Model Card for LogLaye-LLaMA3.2B-QLoRA-finetuned-HDFS-logs

Model Details

Model Description

This model is a fine-tuned version of LLaMA 3.2B using QLoRA for log anomaly detection on HDFS (Hadoop Distributed File System) logs.

Developed by: Abdoulaye MBAYE (FatLab, Fathala IT, ZigZeug)
Finetuned from model: meta-llama/LLaMA-3.2B
Language(s): English (Log data text)
License: llama3 original license (non-commercial research only)
Model type: Causal Language Model (Instruction-tuned for classification)

Model Sources

Repository: https://huggingface.co/ZigZeug/LogLaye-LLaMA3.2B-QLoRA-finetuned-HDFS-logs
Dataset: https://huggingface.co/datasets/ZigZeug/HDFS-logs-cleaned-chatml

Uses

Direct Use

This model classifies HDFS logs into:

"normal" → Expected system behavior.
"anomalous" → Suspicious or error-prone system behavior.

Downstream Use

Infrastructure log monitoring
Automated ML-based observability
Large scale system supervision

Out-of-Scope Use

Not designed for non-HDFS log formats.
Not suitable for general-purpose natural language tasks.

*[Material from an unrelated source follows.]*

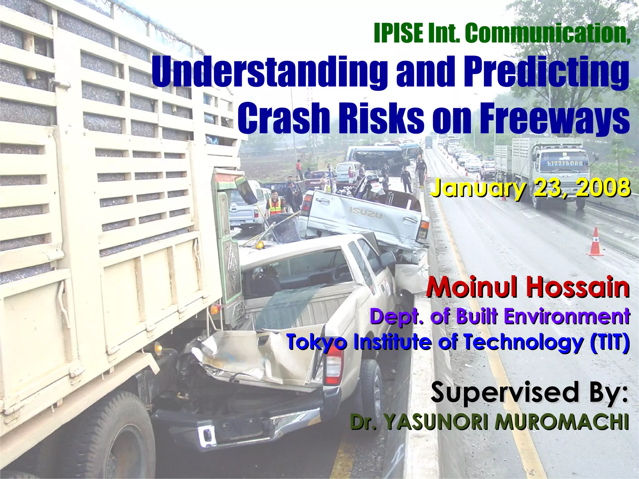 This document outlines Moinul Hossain's research on predicting crash risks on freeways. It discusses the problem of road accidents globally and in various countries. It identifies human, vehicle, and road/environmental factors that contribute to crashes. Accident prediction models are presented as a potential solution, including static, dynamic, and real-time models. However, prior studies have limitations in integrating different data sources and comparing model performance. Hossain's research aims to address these issues by identifying crash precursors that explain real-time crash probability and comparing prediction abilities of static, dynamic, and real-time models.

Bias, Risks, and Limitations

The model was trained on pre-processed HDFS logs; unknown behavior may occur with logs from different systems.
The model doesn’t explain why an anomaly happens — only predicts classification.

Recommendations

Always keep human supervision when deploying anomaly detection models in production.

How to Get Started with the Model

from transformers import AutoTokenizer, AutoModelForCausalLM

model_id = "ZigZeug/LogLaye-LLaMA3.2B-QLoRA-finetuned-HDFS-logs"

model = AutoModelForCausalLM.from_pretrained(model_id, device_map="auto", torch_dtype="auto")
tokenizer = AutoTokenizer.from_pretrained(model_id)

prompt = [
  {"role": "system", "content": "You are an expert in HDFS log analysis. Classify if the following log is normal or anomalous."},
  {"role": "user", "content": "Log: PacketResponder 2 for block blk_-3552845605773916309 terminating"}
]

chat = tokenizer.apply_chat_template(prompt, tokenize=False, add_generation_prompt=True)
inputs = tokenizer(chat, return_tensors="pt").to("cuda")
outputs = model.generate(**inputs, max_new_tokens=20)

print(tokenizer.decode(outputs[0], skip_special_tokens=True))